All combat sports like martial arts boxing, etc. are often referred to as “blood sports” because of the trauma and bleeding that are inherent to them. As odd as it may seem, traditional Chinese trauma medicine primarily uses the same type of formula (blood formulas) for treating life-threatening stab wounds and incisions as well as minor cuts and nose bleeding. These blood arresting formulas contain ingredients that coagulate the blood and stop bleeding. Some of these hemostatic prescriptions also contain herbs with anti-biotic agents that prevent infections when dirt or bacteria has gotten into an open wound. A word of caution: when using any form of first aid to stop bleeding — if you fail in your attempt to stop the bleeding, and it persists, seek professional medical attention.

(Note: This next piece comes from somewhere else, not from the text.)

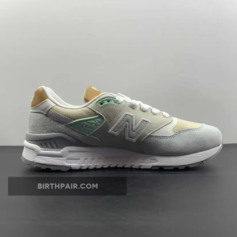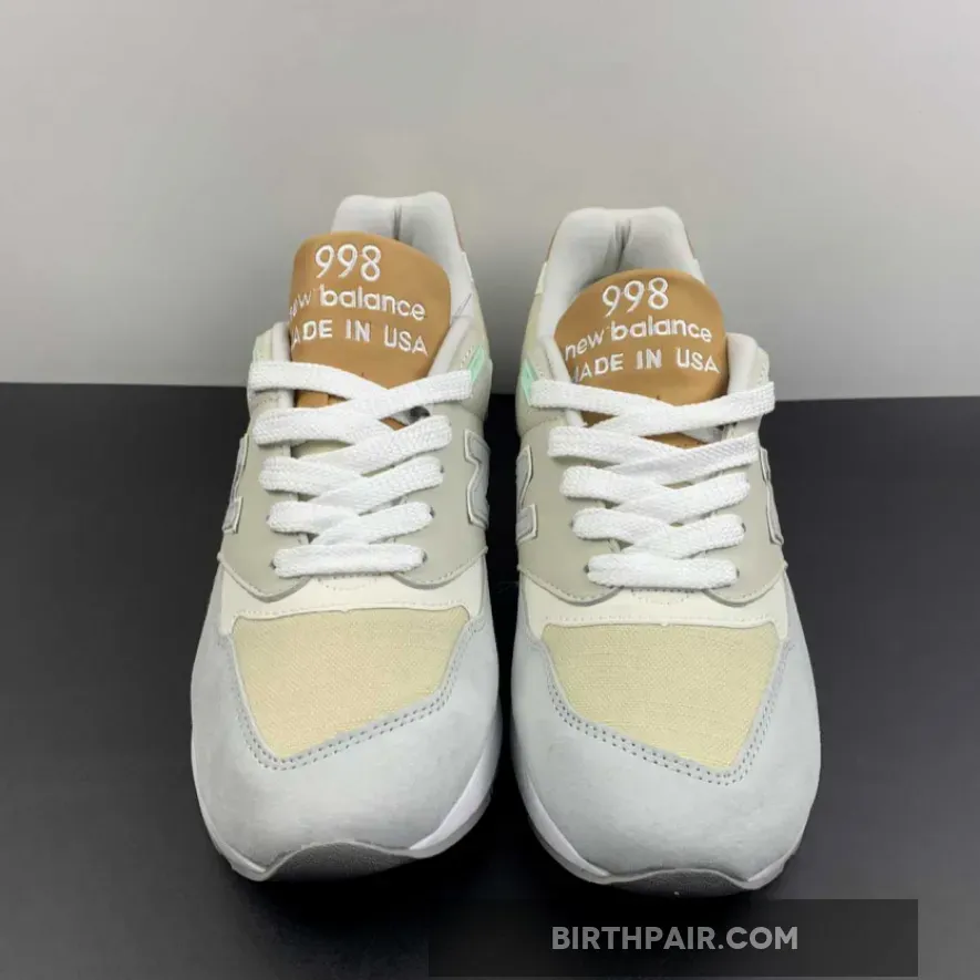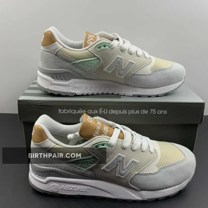 This is a “US Made” retro running shoe from New Balance that is combines a muted color palette with premium materials.
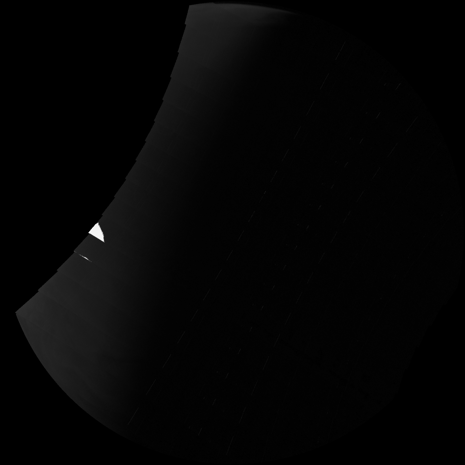 We have a methane filter, included for the polar science investigation, that is almost at the limits of our detector’s wavelength range. To get enough photons for an image we need to use a very long exposure. In some images this results in scattered light in the image. For science purposes we will simply crop out the portions of the image that include this artifact. Work is in progress to determine exactly what conditions cause stray light problems so that this can be minimized for future imaging.

How to Apply Direct Pressure to Stop External Bleeding:
Before attempting to stop the bleeding if possible wash your hands with soap and water, and if they are available put on rubber gloves
Have the person lie down
Remove any debris or loose objects from the wound, but do not attempt to clean out the wound
Press firmly on the wound with a thick layer of gauze, a clean cloth, or any clean material. If gauze or clean material is not readily available, apply direct pressure with your bare hand until you can get a pad
If there is an object that is deeply imbedded in the wound such as a knife, do not attempt to remove it, apply pressure around the object not directly over it
Apply steady pressure
It is important to resist the urge to peek after a few minutes to see if the bleeding has stopped
If blood soaks through the gauze or cloth apply another cloth on top of the first and re-apply direct pressure
If after fifteen minutes of steady pressure emergency help has not arrived and a minimal amount of bleeding or oozing continues (when the pressure is released), re-apply direct pressure
Direct pressure can be applied up to three times for a total of 45 minutes to stop minor bleeding
If moderate to severe bleeding has not significantly slowed or stopped after fifteen minutes, continue to apply firm pressure, elevate the area (part of the body) that is bleeding and continue your effort until professional emergency medical assistance arrives (call 911)
Watch for signs of shock such as restlessness, confusion, signs of fear, or shallow rapid breathing
Remember that shock is a life-threatening situation that requires professional emergency medical care.